BACKGROUND OF THE INVENTION

1. Field of the Invention

The present invention relates to a wire harness for a seat.

2. Description of the Related Art

Japanese Patent Application Laid-open No. 2013-023069, for example, discloses, as a wire harness for a seat applicable to a vehicle, a power feeding apparatus for a sliding seat. The power feeding apparatus for a sliding seat feeds electricity by electrically connecting a side of a vehicle body of the vehicle with a side of a sliding seat that is slidable in a predetermined direction with respect to the vehicle body.

A need exists in the power feeding apparatus applicable to a sliding seat disclosed in Japanese Patent Application Laid-open No. 2013-023069 for a configuration that enables, for example, even more various seat arrangements.

SUMMARY OF THE INVENTION

The present invention has been made in view of the foregoing situation and it is an object of the present invention to provide a wire harness for a seat, capable of properly feeding electricity to the seat.

A wire harness for a seat according to one aspect of the present invention includes a first routing member that has a first end portion connected electrically with a power source on a side of a vehicle floor; a winding unit disposed at a rotational shaft of a seat disposed on the vehicle floor, the winding unit including a stator and a rotor, the stator being capable of sliding with the seat in a sliding direction and incapable of rotating integrally with the seat in a rotating direction about the rotational shaft of the seat and the stator being connected with a second end portion of the first routing member to thereby unwind and wind the first routing member as the seat slides, the rotor being capable of sliding with the seat in the sliding direction and capable of rotating integrally with the seat in the rotating direction about the rotational shaft; and a second routing member disposed in the seat, the second routing member having a first end portion connected with the rotor and a second end portion connected electrically with an electric component disposed in the seat, wherein the rotor rotates relatively to the stator with rotation of the seat and relays an electric connection between the first routing member connected with the stator and the second routing member connected with the rotor.

According to another aspect of the present invention, in the wire harness for a seat, the stator may unwind and wind the first routing member in the sliding direction with sliding motion of the seat.

The above and other objects, features, advantages and technical and industrial significance of this invention will be better understood by reading the following detailed description of presently preferred embodiments of the invention, when considered in connection with the accompanying drawings.

BRIEF DESCRIPTION OF THE DRAWINGS

FIG. 1 is a side elevation view of a schematic configuration of a seat to which a wire harness for a seat according to an embodiment is applied;

FIG. 2 is a plan view of the schematic configuration of the seat to which the wire harness for a seat according to the embodiment is applied;

FIG. 3 is a perspective view of the schematic configuration of the seat to which the wire harness for a seat according to the embodiment is applied;

FIG. 4 is a perspective view of a schematic configuration of a winding unit included in the wire harness for a seat according to the embodiment;

FIG. 5 is a cross-sectional perspective view of the schematic configuration of the winding unit included in the wire harness for a seat according to the embodiment;

FIG. 6 is a schematic perspective view of an operation example of the seat to which the wire harness for a seat according to the embodiment; and

FIG. 7 is a schematic plan view of an operation example of the seat to which the wire harness for a seat according to the embodiment is applied.

DETAILED DESCRIPTION OF THE PREFERRED EMBODIMENTS

The following details, with reference to the accompanying drawings, an embodiment according to the invention.

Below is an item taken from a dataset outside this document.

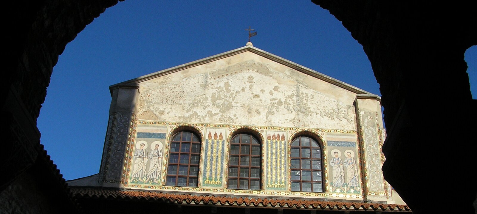 The Euphrasian basilica is a UNESCO world heritage site. It is a religious complex comprehending a 6th century basilica among other buildings, and is an… The ciborium, built in 1277. Stone decorated wall behind the ciborium. Krka National ParkSplit Labels
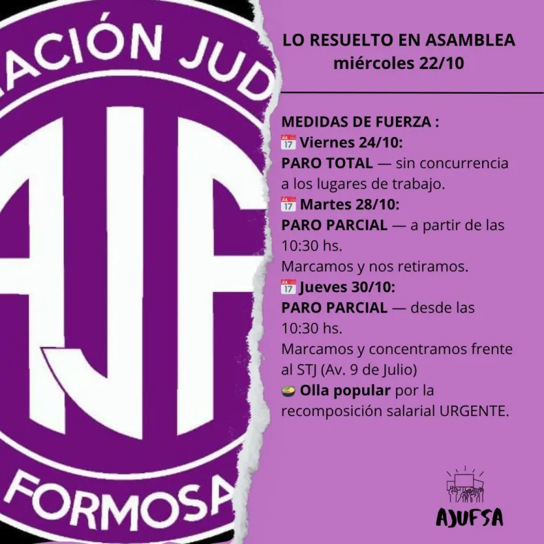 La Asociación Judicial de Formosa cumple este viernes un paro total de actividades, sin asistencia a los lugares de trabajo, en reclamo de una recomposición salarial que consideran "urgente y necesaria". La secretaria general del gremio, Silvia Oruego, confirmó que la medida tiene una adhesión "muy alta" en toda la provincia y que continuarán con paros parciales la próxima semana.

The embodiment is not to be considered limiting. The elements in the following embodiment include those that can be replaced and easily conceived by those skilled in the art and those that are substantially identical to each other.

FIGS. 1, 2, and 7 each illustrate only a part of a vehicle floor with a dash-double-dot line, while the rest of the drawings omit illustrating the vehicle floor. FIGS. 3 and 6 each illustrate a seat base with a dash-double-dot line, while FIGS. 4 and 5 omit illustrating the seat base. FIGS. 1, 2, and 7 each illustrate only a part of a seat rail with a dash-double-dot line, while the rest of the drawings omit illustrating the seat rail. Additionally, each of the drawings omits illustrating portions of the seat other than major components as appropriate. In the descriptions given hereunder, of a first direction, a second direction, and a third direction that are orthogonal to each other, the first direction is referred to as a “fore-aft direction X”, the second direction is referred to as a “width direction Y”, and the third direction is referred to as a “height direction Z”. The fore-aft direction X, the width direction Y, and the height direction Z are orthogonal to each other. Typically, under a condition in which a wire harness for a seat is mounted on a vehicle and the vehicle is located on a horizontal surface, the fore-aft direction X and the width direction Y extend in a horizontal direction and the height direction Z extends in a vertical direction. The fore-aft direction X typically corresponds to an overall length direction of the vehicle in which the wire harness for a seat is mounted and corresponds in the embodiment to a direction extending along a sliding direction of the seat. The width direction Y typically corresponds to an overall width direction of the vehicle in which the wire harness for a seat is mounted. The height direction Z typically corresponds to a height direction of the vehicle in which the wire harness for a seat is mounted. Unless otherwise noted, each of the directions to be used in the following descriptions denotes a direction under a condition in which different components are assembled together.

Embodiment

A wire harness for a seat 1 in the embodiment, which is illustrated in FIGS. 1, 2, and 3, constitutes a part of an in-vehicle power feeding system. The in-vehicle power feeding system feeds (supplies) electricity to a seat 101. The seat 101 is disposed on a vehicle floor 100. The vehicle floor 100 constitutes a floor surface of the vehicle.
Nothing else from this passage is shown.